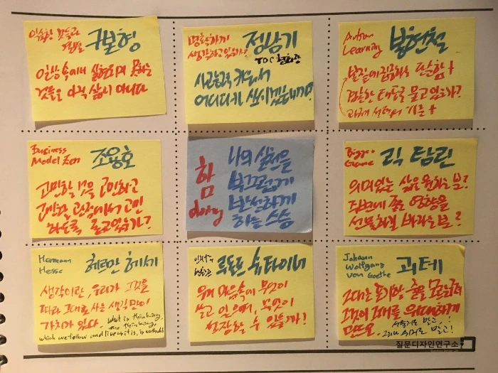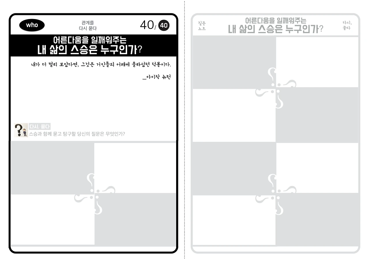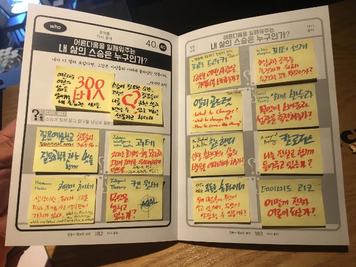 혼자 답을 채워가도 되고, 친구들 몇몇이 모여서, 서로의 스승이 누구였는지 묻고 함께 대화 나누는 시간을 가져봤으면 좋겠습니다.
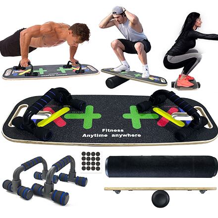 Multifunkční balanční deska Merco Power Core je skvělá tréninková pomůcka pro sportovce, u kterých je důležitá rovnováha. S tímto setem si vytvoříte domácí trénink dle svých potřeb. Cvičení na balanční desce pomáhá při rehabilitaci kolen, kotníků, kyčlí. Posílíte okolní svaly, čímž snížíte riziko zranění těchto kloubů. Vrchní strana balanční desky je potažená protiskluzovou vrstvou. Válec balanční desky lze používat i v interiéru, bez nutnosti použití koberce. Sada dále obsahuje posilovací tyč s gumovými expandery různých odporů, opěrky na kliky, posilovací kolečka, kotvu do dveří a rukojetě. Kotva a rukojetě s použitím gum rozšiřuje variabilitu cvičení. Vytvořte si kompletní trénink a zlepšete si svou fyzickou kondici v pohodlí domova s multifunkční balanční deskou Merco Power Core! - maximální nosnost: 120 kg - hmotnost balení: 6,3 kg - rozměry balení: 76 x 30 x 15 cm - doporučený věk: 9+ - rozměr desky: 74 x 28 x 2 cm (délka x šířka uprostřed x tloušťka) - rozměr válce: 53 x 10 cm (délka x průměr) - hmotnost desky: 2,35 kg - hmotnost válce: 1,2 kg - válec opatřený měkkým filcem - součástí 4 nožičky pro montáž na spodní stranu desky pro stabilitu - 3 sady gumových expanderů - opěrky na kliky - posilovací kolečka s průměrem 15,5 cm - dveřní kotva pro uchycení expanderů - pěnové rukojetě - poutko pro uchycení na dolní nebo horní končetinu - součástí vak pro snadné přenášení a uskladnění
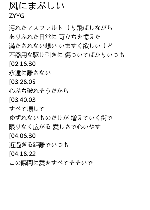 | [01:05.59][02:16.30][03:15.37][03:54.59] | 風にまぶしい 溶けていく君を 永遠に離さない |
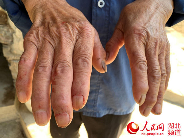 萬(wàn)其珍雙手布滿滄桑。趙瞳 攝
_ _ _ _ _
- **WHAT YOU NEED TO DO**
All that is needed is the exact run of lines from the start of the material above through the one containing "Multifunkční balanční deska", pictures left out.

- **RESULT OF THIS EXERCISE**
 혼자 답을 채워가도 되고, 친구들 몇몇이 모여서, 서로의 스승이 누구였는지 묻고 함께 대화 나누는 시간을 가져봤으면 좋겠습니다.
 Multifunkční balanční deska Merco Power Core je skvělá tréninková pomůcka pro sportovce, u kterých je důležitá rovnováha. S tímto setem si vytvoříte domácí trénink dle svých potřeb. Cvičení na balanční desce pomáhá při rehabilitaci kolen, kotníků, kyčlí. Posílíte okolní svaly, čímž snížíte riziko zranění těchto kloubů. Vrchní strana balanční desky je potažená protiskluzovou vrstvou. Válec balanční desky lze používat i v interiéru, bez nutnosti použití koberce. Sada dále obsahuje posilovací tyč s gumovými expandery různých odporů, opěrky na kliky, posilovací kolečka, kotvu do dveří a rukojetě. Kotva a rukojetě s použitím gum rozšiřuje variabilitu cvičení. Vytvořte si kompletní trénink a zlepšete si svou fyzickou kondici v pohodlí domova s multifunkční balanční deskou Merco Power Core! - maximální nosnost: 120 kg - hmotnost balení: 6,3 kg - rozměry balení: 76 x 30 x 15 cm - doporučený věk: 9+ - rozměr desky: 74 x 28 x 2 cm (délka x šířka uprostřed x tloušťka) - rozměr válce: 53 x 10 cm (délka x průměr) - hmotnost desky: 2,35 kg - hmotnost válce: 1,2 kg - válec opatřený měkkým filcem - součástí 4 nožičky pro montáž na spodní stranu desky pro stabilitu - 3 sady gumových expanderů - opěrky na kliky - posilovací kolečka s průměrem 15,5 cm - dveřní kotva pro uchycení expanderů - pěnové rukojetě - poutko pro uchycení na dolní nebo horní končetinu - součástí vak pro snadné přenášení a uskladnění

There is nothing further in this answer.